EXERCISE DESCRIPTION – Leave out the pictures and repeat exactly the lines from the one containing "本网讯(航空航天工程学院)2" through the final line of the listing below.

(DATA SECTION)

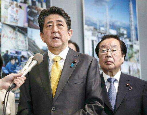 Japanese Prime Minister Shinzo Abe speaks to the media after Abe visited Fukushima Dai-ichi nuclear power plant in Okuma, Fukushima prefecture, Japan, Sunday, April 14, 2019. Prime Minister Abe inspected the reconstruction effort following the tsunami, quake and nuclear accident in 2011. (Kyodo News via AP) The Associated Press
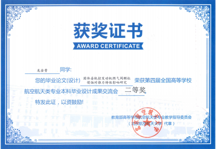 本网讯(航空航天工程学院)2023年5月27日,第四届全国高校航空航天类专业本科毕业设计成果交流会在电子科技大学清水河校区举行。来自清华大学、上海交通大学、西北工业大学、北京航空航天大学、北京理工大学、哈尔滨工业大学、国防科技大学、贵州理工学院等40余所全国航空航天类高等院校315个项目参与交流评比。经过激烈角逐,层层选拔,我校航空航天工程学院龙金贵同学获二等奖,李卓、杨稳和刘航三位同学分别获优秀奖。这是我校毕业生参加全国航空航天类专业本科毕业设计成果首次获得此项荣誉。
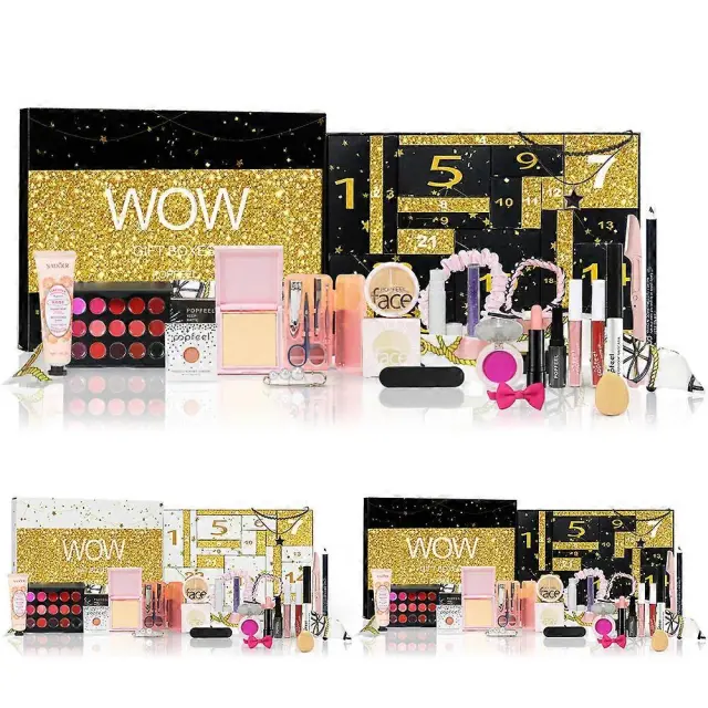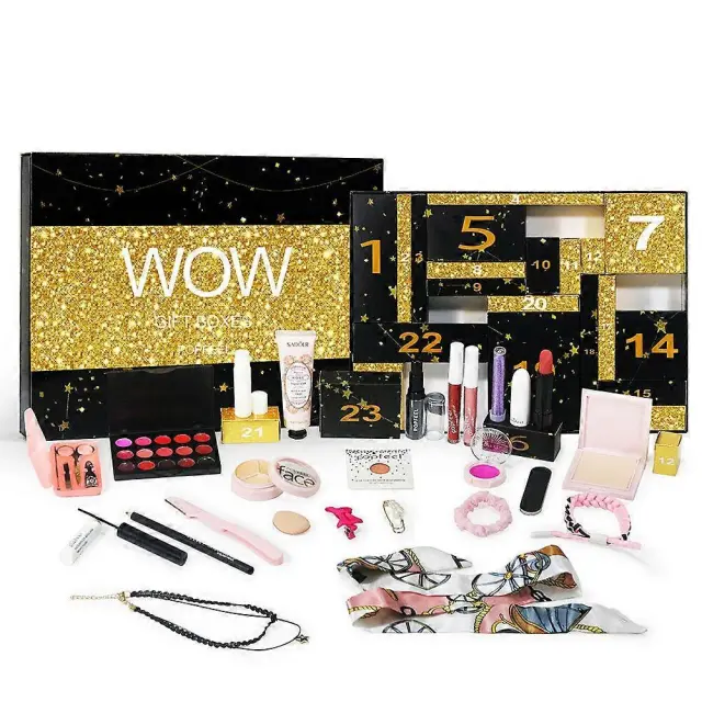 Božični darilni koledar za ličenje 2024, Lepotni adventni koledar, 24 izdelkov za ličenje - črno zlato
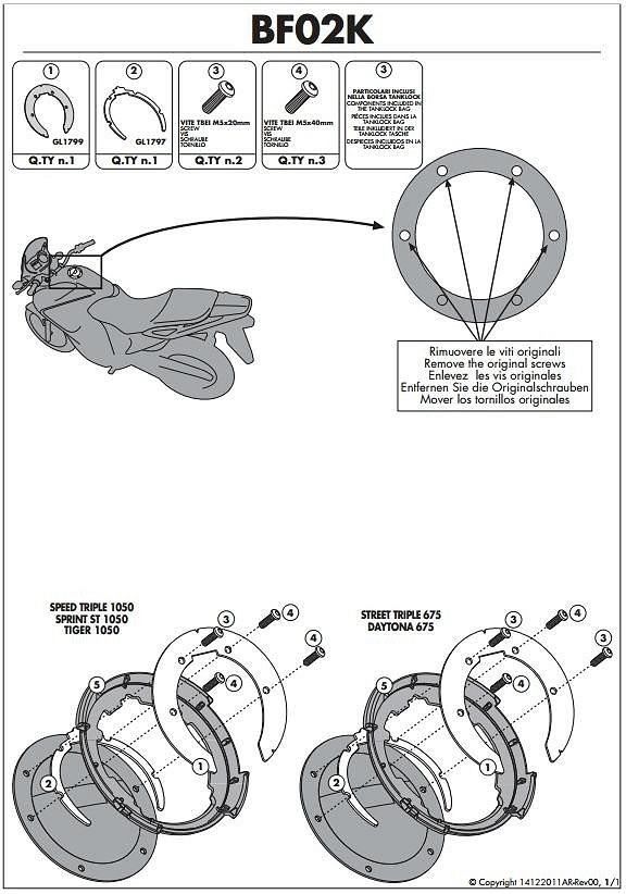 KAPPA MONTAŽA TANKLOCK APRILIA/TRIUMPH/KTM/BENELLI

(End DATA SECTION)

RESULT OF THE EXERCISE –
 本网讯(航空航天工程学院)2023年5月27日,第四届全国高校航空航天类专业本科毕业设计成果交流会在电子科技大学清水河校区举行。来自清华大学、上海交通大学、西北工业大学、北京航空航天大学、北京理工大学、哈尔滨工业大学、国防科技大学、贵州理工学院等40余所全国航空航天类高等院校315个项目参与交流评比。经过激烈角逐,层层选拔,我校航空航天工程学院龙金贵同学获二等奖,李卓、杨稳和刘航三位同学分别获优秀奖。这是我校毕业生参加全国航空航天类专业本科毕业设计成果首次获得此项荣誉。
 Božični darilni koledar za ličenje 2024, Lepotni adventni koledar, 24 izdelkov za ličenje - črno zlato
 KAPPA MONTAŽA TANKLOCK APRILIA/TRIUMPH/KTM/BENELLI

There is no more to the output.